* [EXERCISE MATERIAL]:
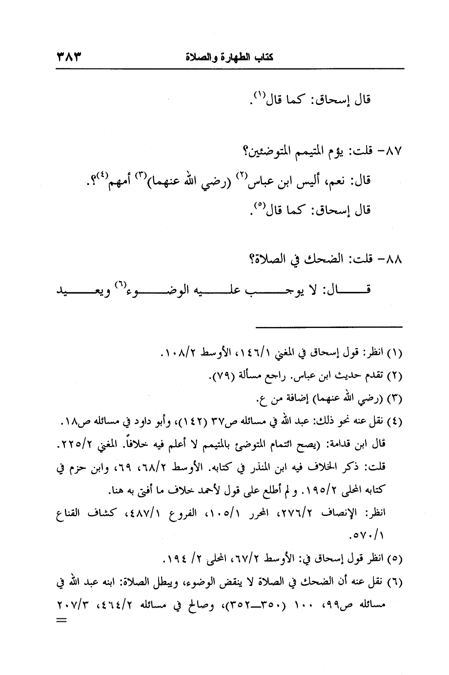 6 نقل عنه أن الضحك في الصلاة لا ينقض الوضوء، ويبطل الصلاة: ابنه عبد الله في مسائله ص99، 100 (350ـ352) ، وصالح في مسائله 2/464، 3/207 (1167، 1661) ، وابن هانئ في مسائله 1/7 (38) ، وأبو داود في مسائله ص13.
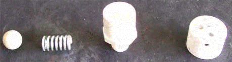 通过弹簧使球就位,让HHO流过,但如果压力突然增加,则球被向上推,打开了一条通往钻有许多孔的塑料配件的通道:
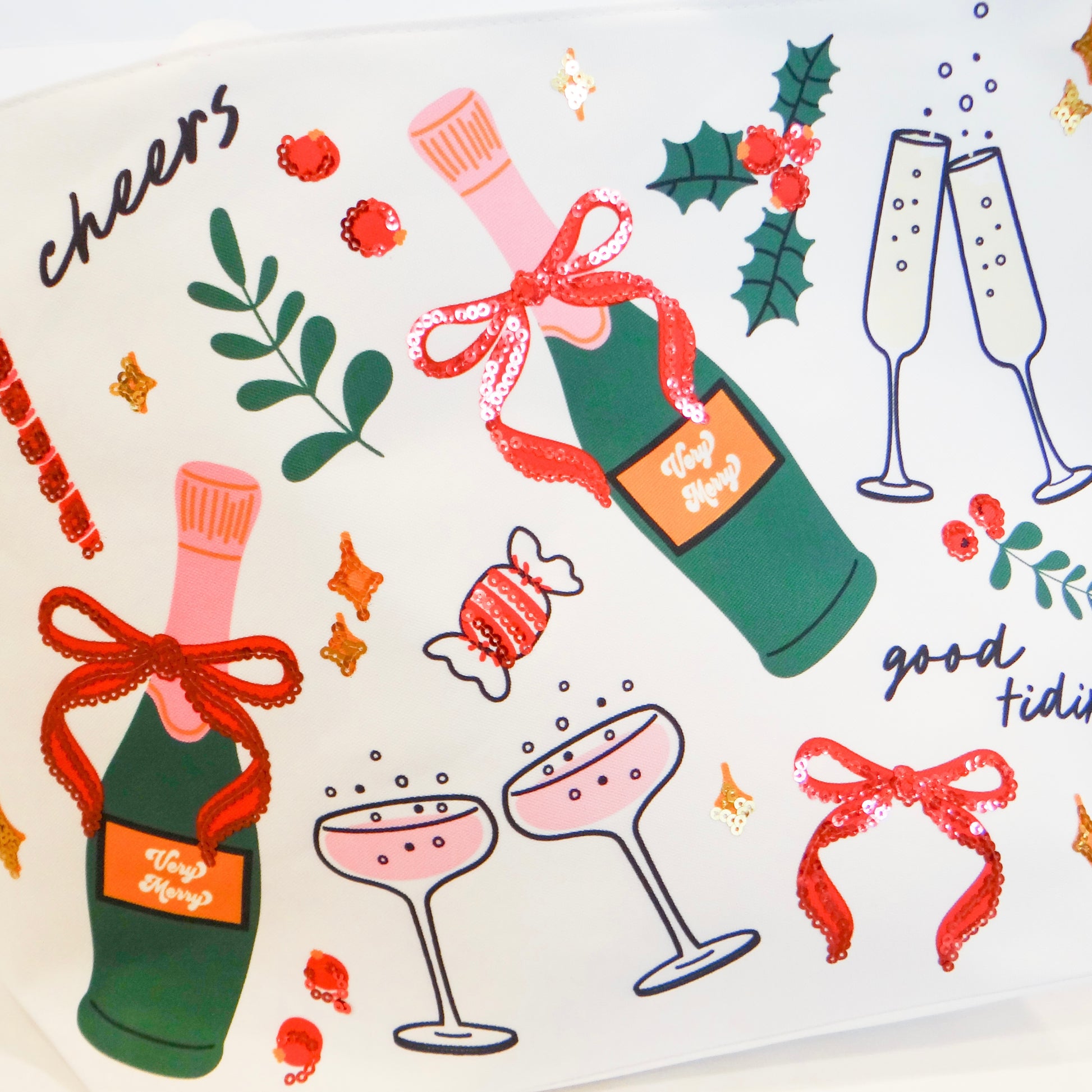 Celebrate the season in style with our Bubbles Tote—the perfect companion for holiday shopping, gift-giving, and festive gatherings. This spacious tote features a cheerful champagne and cheers design that captures the joy of Christmas celebrations. Whether you're carrying presents to parties, stocking up on seasonal essentials, or looking for a thoughtful gift, this versatile bag brings festive flair to every outing. Durable and practical, it's a seasonal favorite that keeps giving long after the holidays end.
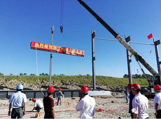 继7月12日第一根钢结构立柱的顺利吊装后,7月14日上午,位于嘉兴经济开发区的大明嘉兴加工服务中心第一根横梁也成功就位,这充分体现出了项目建设的“大明速度”。
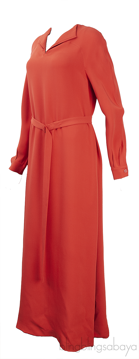 This Rust Orange V-neck Belted Maxi Dress from Loro Piana is crafted from 100% silk fabric in rust orange featuring a v-neckline, long sleeves with buttoned cuffs, maxi length and comes with detachable belt to cinche the waist.
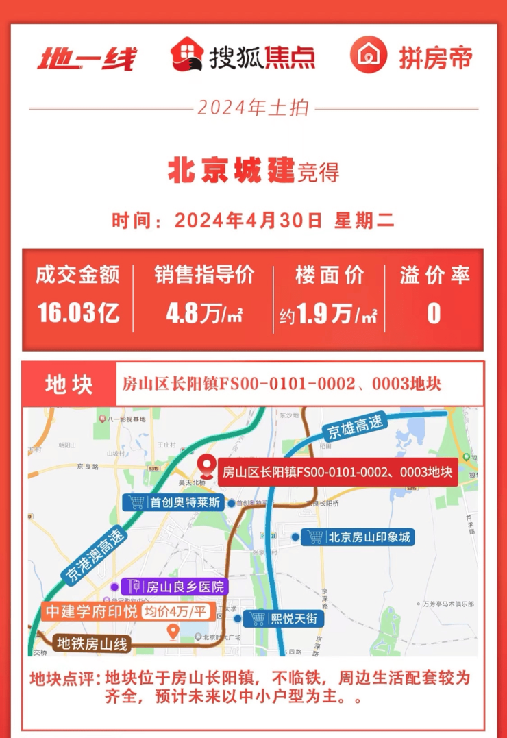 最终北京城建以16.03亿元底价拿下,住宅楼面价1.9万/㎡。项目销售指导价4.8万/㎡,浮动±3%。
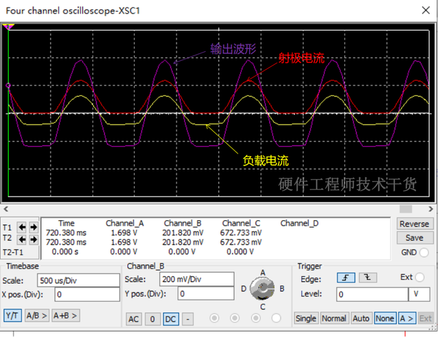 波谷被削是因为三极管射极电流下降为0所致。通过仿真电流波形,结果如下:
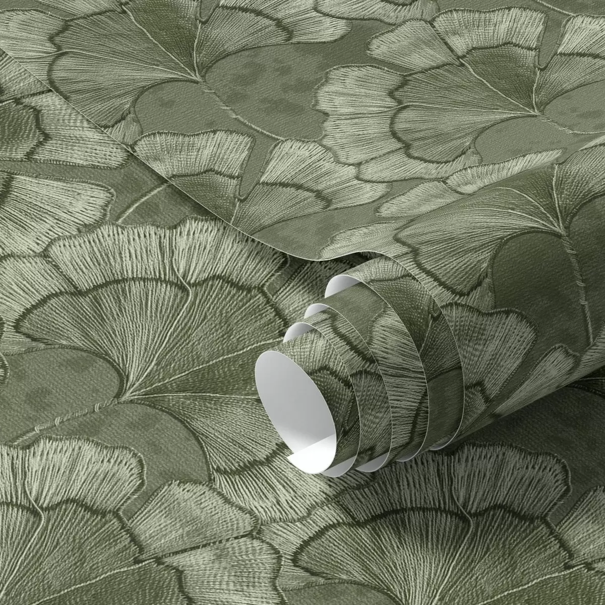 Papel pintado Diseño gráfico con ginkgo en una paleta de colores verdes fríos Nr. a00709
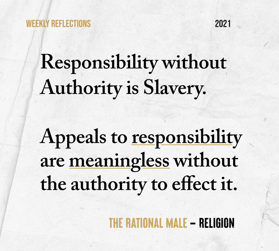 The general idea you get from them is they’d like all the straight, white masculine men to disappear, you know, except when they need some work done, taxes paid, or wars won. They certainly have all sorts of responsibilities that they think these men should have, but there’s no authority, appreciation, or even fair play that they believe should be given to the men who do it. That reminds me of a quote:
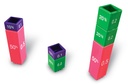 Die farbigen Steckkuben entsprechen in der Kubenhöhe ihrem Wert und können zusammengesteckt mit anderen Kubentümen verglichen werden.
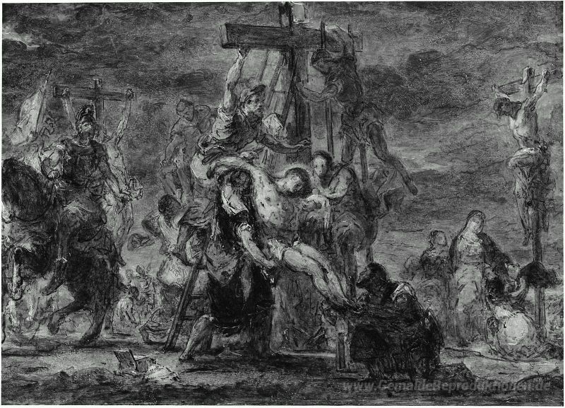 Wir bieten Ihnen eine handgefertigte Reproduktion auf Leinwand des berühmten Kunstwerks 'Die Kreuzabnahme' von Eugene Delacroix, aus dem Reproduktionsmuseum.
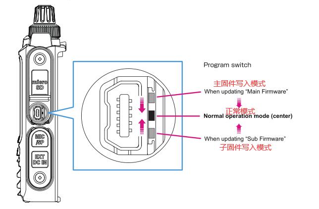 注意:程序写入开关位于右侧外壳的DATA插孔正后方,请小心提起microSD和DATA插孔盖即能看到。
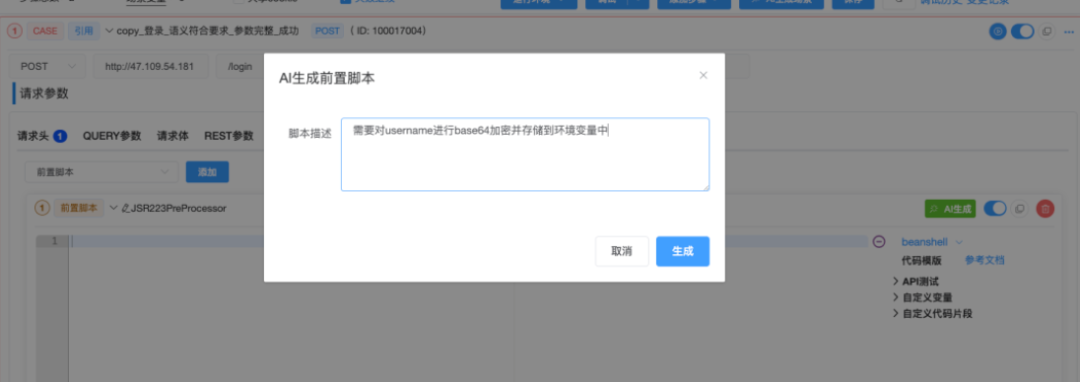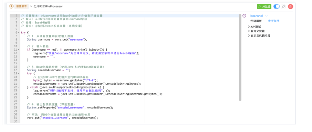 测试前置脚本编写常涉及复杂的数据预处理或变量初始化,要求测试人员具备相当的编码能力。而智能接口测试平台集成的AI脚本助手支持Groovy、Python、Beanshell、JavaScript等多种语言,用户只需用自然语言描述预处理需求(如“需要对username进行base64加密并存储到环境变量中”),AI便能理解意图并生成准确、可执行的脚本代码。这不仅降低了脚本编写门槛,更保证了脚本的规范性与可维护性。
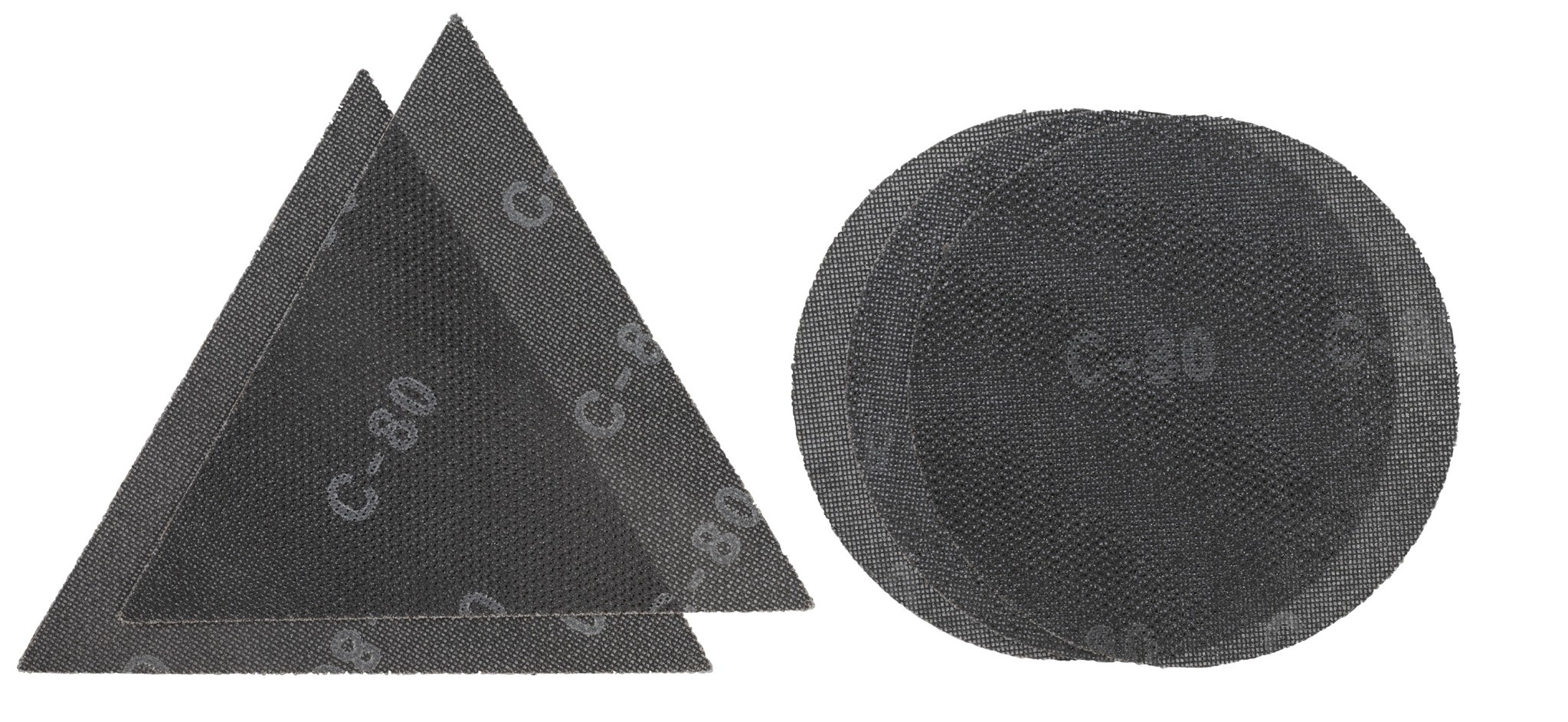 ✔ 2x schuurdriehoeken roosterdoek 287 x 287 x 287 mm – beide korrel K80, ideaal voor gedetailleerd werk
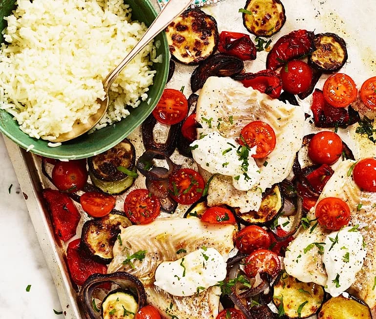Pestobakad fisk och halloumi med rostad blomkål
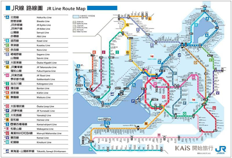 但要特別留意的是,選擇購買JR PASS 關西地區鐵路周遊,上方圖片的K線(只能搭到本龍野)、J線、I線、G線(只能到筱山口)、E線(只能到園部)、L線、W線是無法搭乘的喔~若主要是玩京都,其實這票在京阪神奈地區就很夠用惹
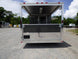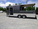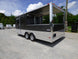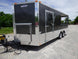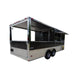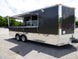 This concession trailer has black exterior and a 8.5' by 20 ft measurement. Features 10' porch area. Please call 615-641-7720 for build time
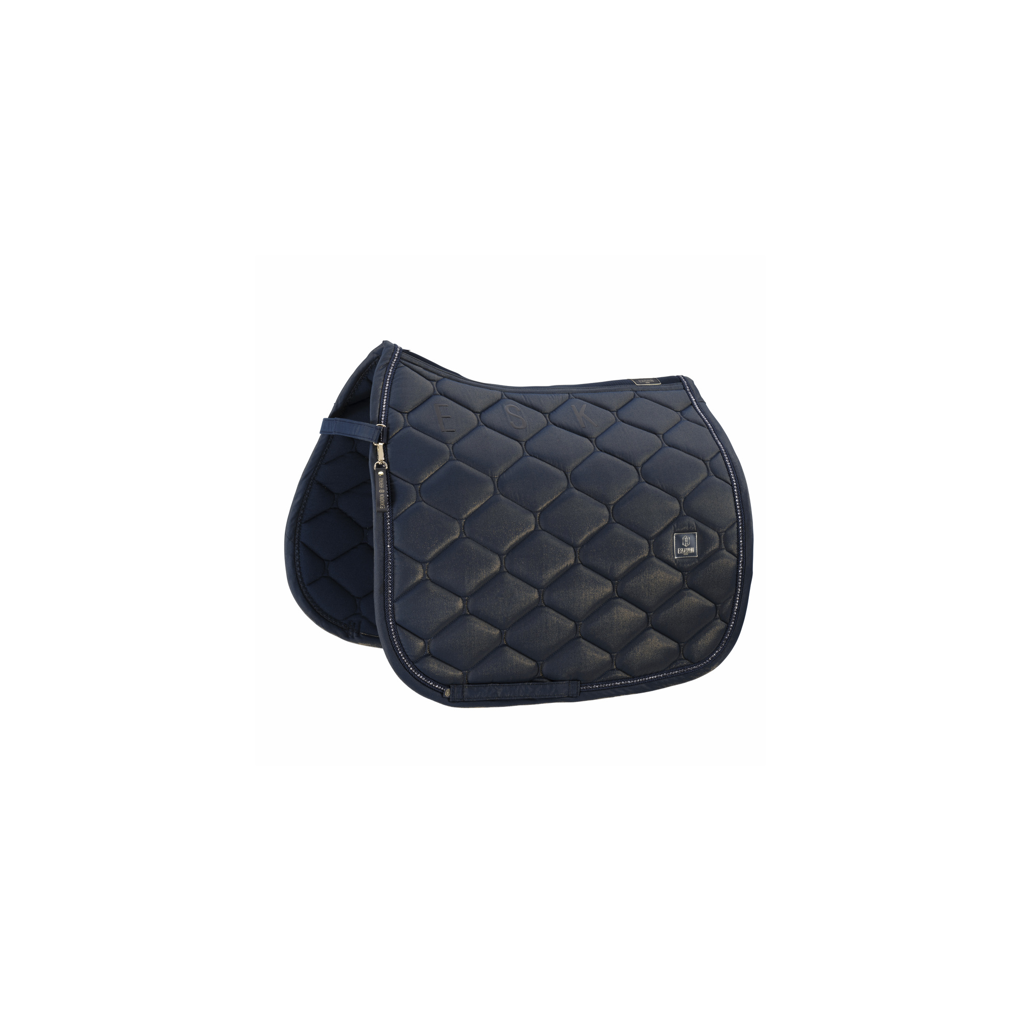 Czaprak Eskadron Glam Crystal to prawdziwy symbol elegancji i wyrafinowania z najnowszej kolekcji Eskadron Heritage 2025/26. Wykonany z luksusowego materiału Glam o subtelnym połysku, przyciąga wzrok i doskonale prezentuje się pod siodłem. Pikowanie w romby nadaje mu klasyczny wygląd, a błyszczące kryształki wzdłuż lamówki dodają wyjątkowego blasku. Wnętrze czapraka wykonane z oddychającej tkaniny technicznej gwarantuje komfort i skuteczne odprowadzanie wilgoci. Optymalne wypełnienie zapewnia amortyzację i chroni koński grzbiet przed naciskiem. Subtelne logo Heritage dopełnia ekskluzywnego charakteru całości. To czaprak, który łączy funkcjonalność z elegancją – idealny na zawody i treningi.
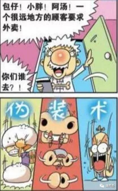 这时候老爸接到一个单于是推开屋里的门说道:“包仔!小胖!阿汤!一个很远的地方顾客要求外卖!你们谁去?”四人马上实行伪装术!
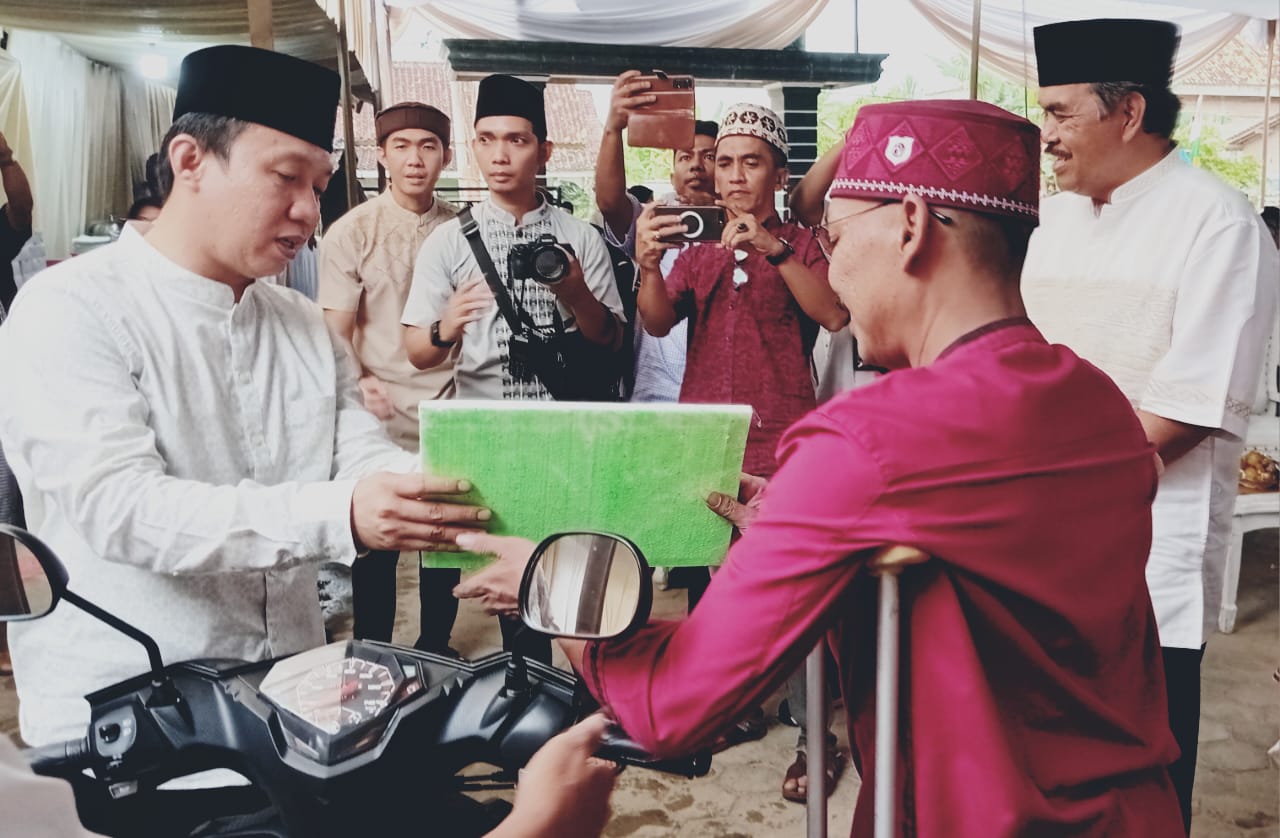 PRINGSEWU – Safari Ramadan 1445 H Pemerintah Kabupaten Pringsewu di Kecamatan Ambarawa dilaksanakan di Masjid Nurul Huda, Pekon Persiapan Kresnomulyo Barat, Minggu (25/3). Pada kesempatan tersebut, Pj.Bupati Pringsewu DR.Marindo Kurniawan, ST, MM didampingi Sekretaris Daerah Drs.Heri Iswahyudi, M.Ag. menyerahkan sejumlah bantuan.

* [TASK REQUIREMENTS]:
With the pictures omitted, copy exactly the lines of the listing above starting at the line containing "Papel pintado Diseño" and ending at the line containing "This concession trailer", both included.

* [WRITTEN RESPONSE]:
 Papel pintado Diseño gráfico con ginkgo en una paleta de colores verdes fríos Nr. a00709
 The general idea you get from them is they’d like all the straight, white masculine men to disappear, you know, except when they need some work done, taxes paid, or wars won. They certainly have all sorts of responsibilities that they think these men should have, but there’s no authority, appreciation, or even fair play that they believe should be given to the men who do it. That reminds me of a quote:
 Die farbigen Steckkuben entsprechen in der Kubenhöhe ihrem Wert und können zusammengesteckt mit anderen Kubentümen verglichen werden.
 Wir bieten Ihnen eine handgefertigte Reproduktion auf Leinwand des berühmten Kunstwerks 'Die Kreuzabnahme' von Eugene Delacroix, aus dem Reproduktionsmuseum.
 注意:程序写入开关位于右侧外壳的DATA插孔正后方,请小心提起microSD和DATA插孔盖即能看到。
 测试前置脚本编写常涉及复杂的数据预处理或变量初始化,要求测试人员具备相当的编码能力。而智能接口测试平台集成的AI脚本助手支持Groovy、Python、Beanshell、JavaScript等多种语言,用户只需用自然语言描述预处理需求(如“需要对username进行base64加密并存储到环境变量中”),AI便能理解意图并生成准确、可执行的脚本代码。这不仅降低了脚本编写门槛,更保证了脚本的规范性与可维护性。
 ✔ 2x schuurdriehoeken roosterdoek 287 x 287 x 287 mm – beide korrel K80, ideaal voor gedetailleerd werk
Pestobakad fisk och halloumi med rostad blomkål
 但要特別留意的是,選擇購買JR PASS 關西地區鐵路周遊,上方圖片的K線(只能搭到本龍野)、J線、I線、G線(只能到筱山口)、E線(只能到園部)、L線、W線是無法搭乘的喔~若主要是玩京都,其實這票在京阪神奈地區就很夠用惹
 This concession trailer has black exterior and a 8.5' by 20 ft measurement. Features 10' porch area. Please call 615-641-7720 for build time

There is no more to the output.